Cheating is a part of baseball. And short of doing PEDs, no cheater would be more valuable than Professor Simpson, who developed a substance that moves objects away from wood. So naturally he changed his name, signed with St. Louis (not sure which St. Louis team) smeared the substance on the ball and became the pitching sensation Kelly. Oscar winner Ray Milland did his best to sell this plot device of celebrating a lying cheat in It Happens Every Spring. Just make sure the umps don’t check his glove.


OK, The Scout is one of the most disappointing baseball movies ever. How you get Albert Brooks coming off of Defending Your Life to write and star in a baseball film directed by Michael Ritchie, who made the original Bad News Bears, and have it be a snooze is beyond me. And Steve Nebraska’s pitching and hitting talents were a little too cartoonish. But Brendan Frasier looks great in that uniform and is pretty good in the role. Besides, having a guy throw 110 MPH out of the pen can’t hurt.


I could have easily put Richard Pryor on this team as Charlie Snow, the right fielder on Bingo Long’s Travelling All Stars who tried to pass himself off as either Latin or an Indian Chief.
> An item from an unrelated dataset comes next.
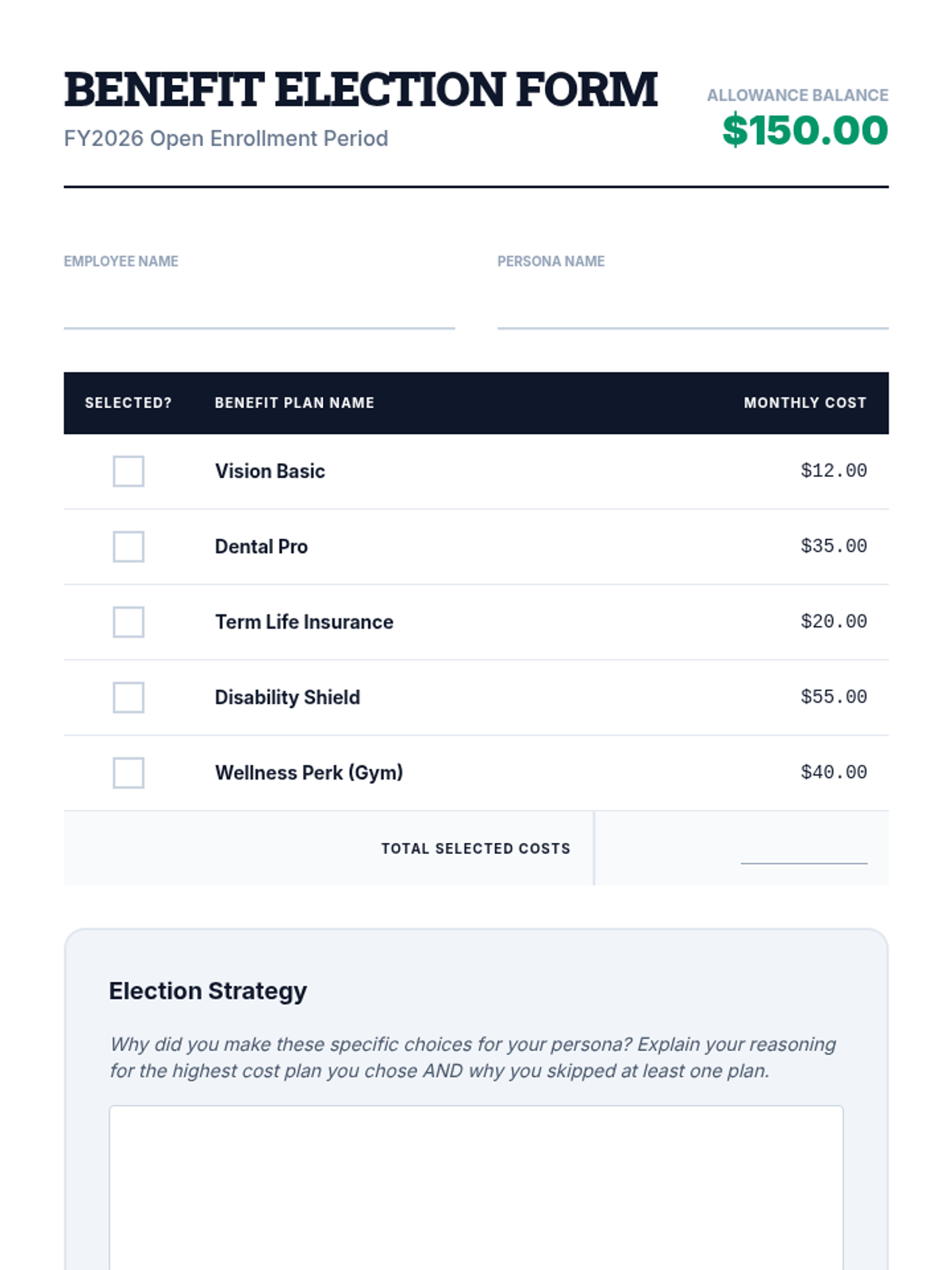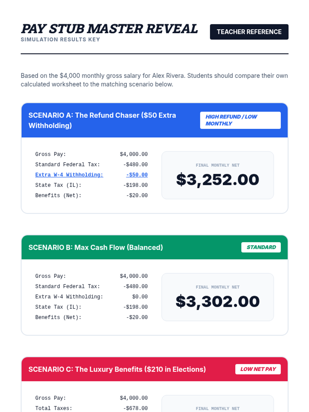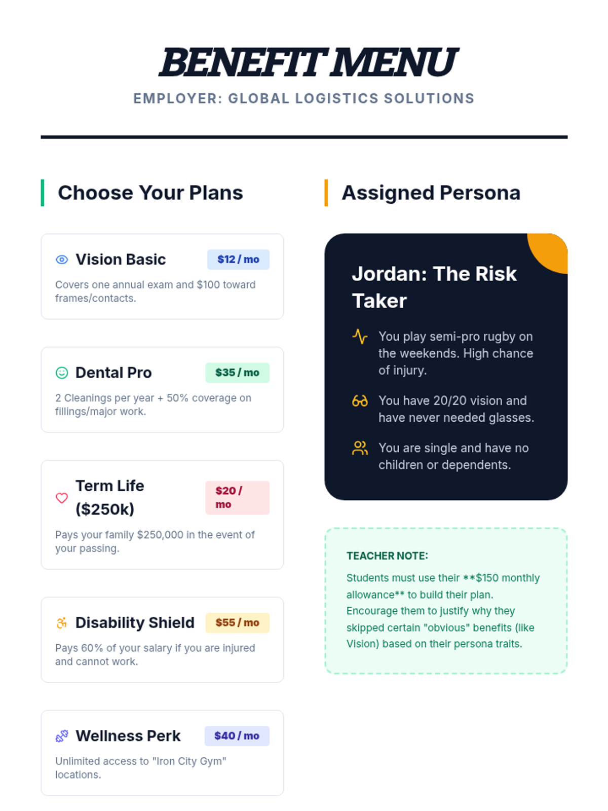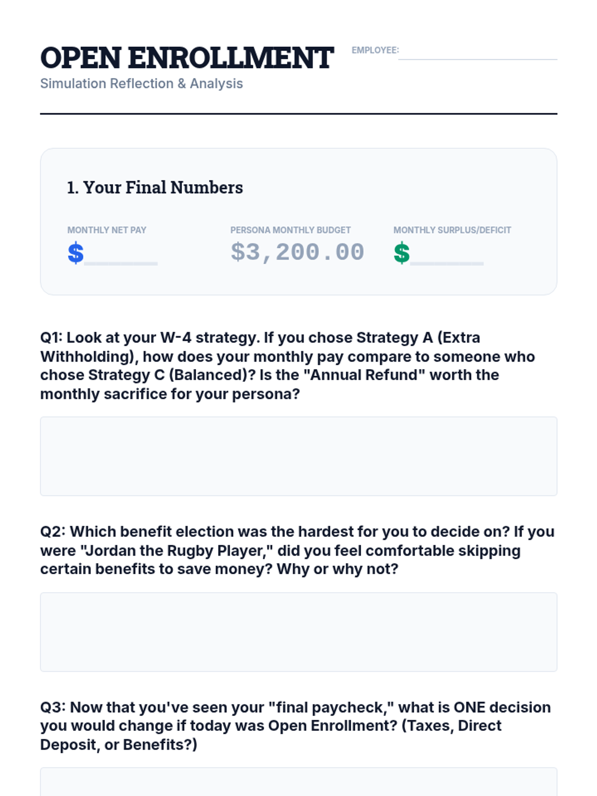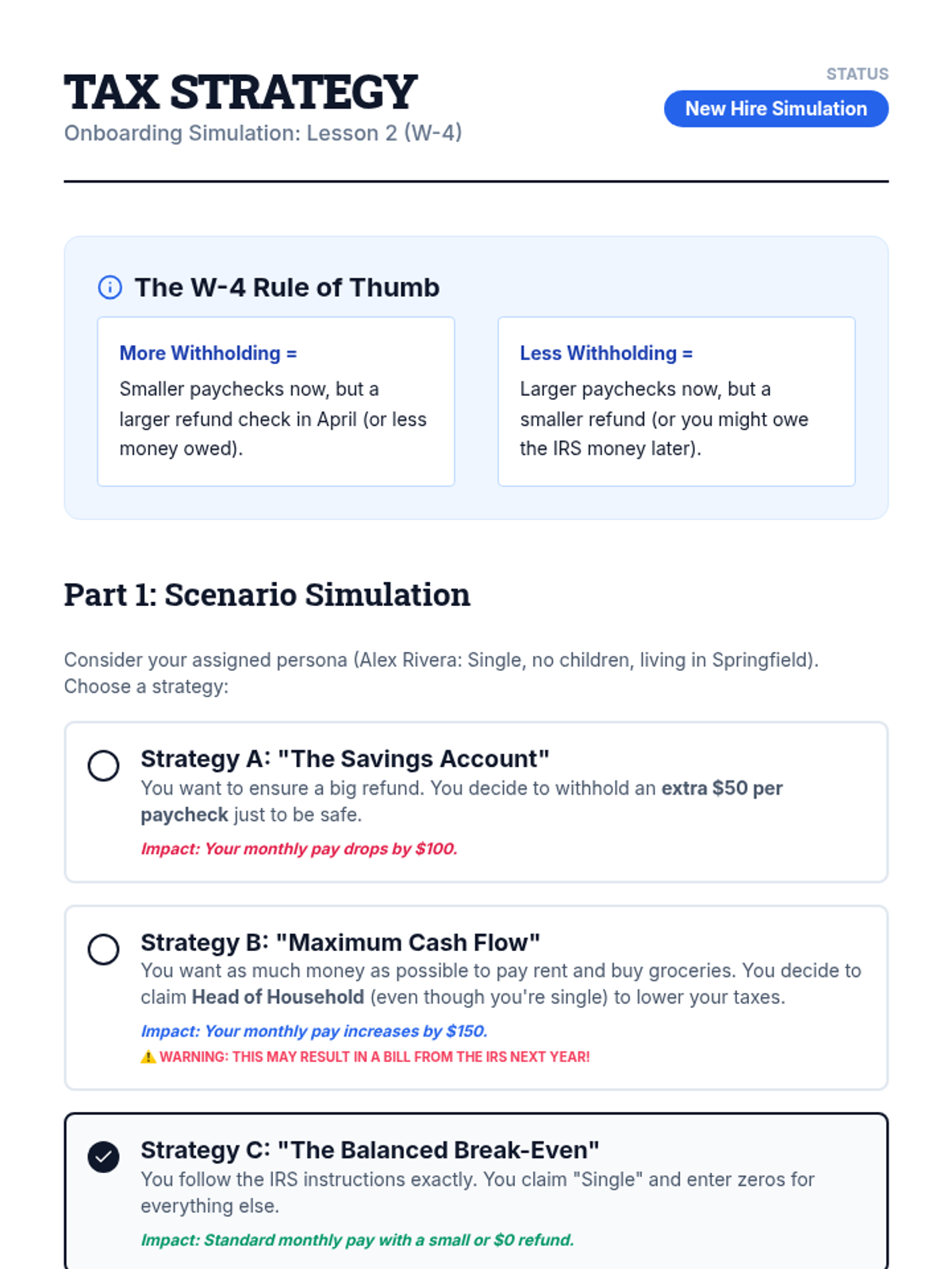 An immersive simulation where students navigate the onboarding process of a new job, making critical decisions about taxes, benefits, and workplace rights to understand their impact on a final paycheck.

But I went with his ambitious if not quite major league worthy minor league pitcher. If he doesn’t make it as a pitcher, he can certainly help bankroll the team.


Reserve Catcher

A catcher needs to do more than call pitches. They need to be the leader on the field and in many ways be a second manager. When reluctant Dottie Hinson left Oregon to join the Peaches, she became the defacto manager as Jimmy Dugan was too drunk to care. She could catch a throw with her bare hands, do a split in the game for the cameras, hit with power, give competing signs with her manager AND give you that killer Geena Davis stare? You bet she is on this team!

Reserve Catcher


For the additional catcher on the team, I decided NOT to go with Indians Jake Taylor. Let’s face it, Jake was just a poor man’s Crash Davis who basically stalks Renee Russo. Crash didn’t have to stalk anyone. And big swinging Leon Carter could actually homer off of Bingo Long and had the the chops and the voice to stand up to him. James Earl Jones could be on here as the Salinger proxy from Field of Dreams, but I like the Vader/Lando preview that is The Bingo Long Travelling All Stars and Motor Kings.

Reserve Infielder

You need pop at third base and you need someone off the bench who is fearless and won’t shy away from the big game. That describes Doris to a T. And remember, when League of Their Own came out, nobody knew who Rosie O’Donnell was and EVERYONE knew afterwards.

Reserve Outfielder

Sure he was a trouble maker, smoking and riding that motor cycle. But from the moment he threw the ball back into the infield, Morris Buttermaker knew he found his outfielder. His defense made up for Lupus and his killer stare (which would grow up to be the Jackie Earle Haley Rorschach look) shows he has no fear. So come on! Let him play!

Pinch Hitter

A pinch hitter needs to have one thing on his mind: Get a hit at any cost. Who was more single minded about collecting hits more than Mr. 3000 himself, Stan Ross? Again, not a great movie. But like Tom Selleck in Mr. Baseball, the late great Bernie Mac just looked like a player!

Utility Player

With two catchers on the bench and Ross as a pinch hitter only, we need a player who can take over multiple positions. Who is more versatile than Bugs? “First base  Bugs Bunny, second base Bugs Bunny, shortstop Bugs Bunny…”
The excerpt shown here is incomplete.